It is important to contrast our 17.7% rate of late AKI with recent reports of AKI using the RIFLE criteria. The first use of RIFLE criteria in the burned population was by Coca et al. who report an overall 27% rate of AKI, but they included patients with 10% TBSA or greater, used the lowest creatinine value in the first five days as a baseline, and used the highest creatinine value of the hospitalization to create a RIFLE score (15). Their reported mortality of 60% with the Failure class, is similar to our mortality for late AKI of 64.1% (Table 2), but they did not distinguish between early or late AKI and analyzed smaller burns (15). Mosier and colleagues found that patients with early AKI had a higher mortality and greater incidence of early MODS than patients without early AKI and also identified differences between early, progressive, and late AKI (17). Clearly, the timing of AKI onset significantly effects outcomes, as those with late AKI suffer more MODS and worse mortality (Table 2 and 3), but it is not as dismal of a prognosis of 80 to 100% mortality as previously reported in the last century (1, 2, 4, 19, 31). Defining the subset of patients with progressive AKI distinguishes the group of patients with the worst survival (18.8%), and we feel that these classifications will be important in stratifying patients for evaluation of novel AKI therapies in the future.

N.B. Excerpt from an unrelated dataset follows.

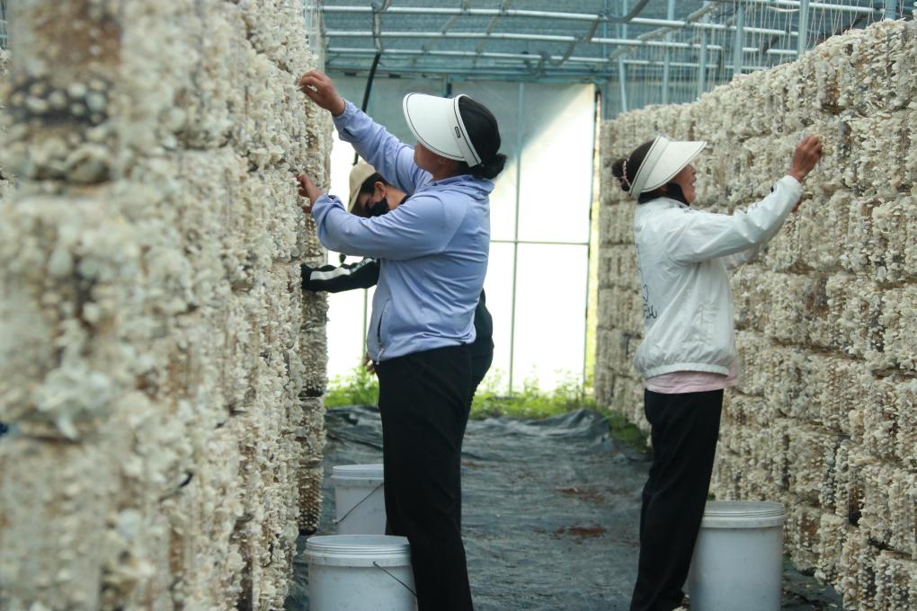 尼傲乡黑木耳种植基地内的工人正在工作。新华社记者李梓潇 摄

With this in mind, we created a decision tree using CART analysis to identify patients at risk for late AKI early in their hospital course. Our goal was to create a simple decision tool that could be used at the bedside. The resulting decision tree was four levels. Not surprisingly, the NROF score was the best variable for classifying patients at risk for late AKI (Figure 1). Late AKI has long been associated with sepsis and MODS (1, 32, 33). Additionally, MODS and late kidney injury have been associated with inhalation injury (1, 7, 33), but our decision tree does not include inhalation injury. Although univariate analysis found significant differences in the percentage of inhalation injury between those with none, early, or late AKI, there were a significant number of patients with inhalation injury among those that did not suffer any AKI or who only experienced early AKI (25% and 44.9%, respectively, Table 2). The mathematical driving force behind CART analysis is to develop a “pure” node where 100% of its subjects can be classified as having a particular outcome. Therefore, inhalation injury proved less powerful in its ability to split the group into a “pure” node. A NROF score of zero, on the other hand, provided a terminal node where 88% of its occupants did not suffer late AKI (Figure 1).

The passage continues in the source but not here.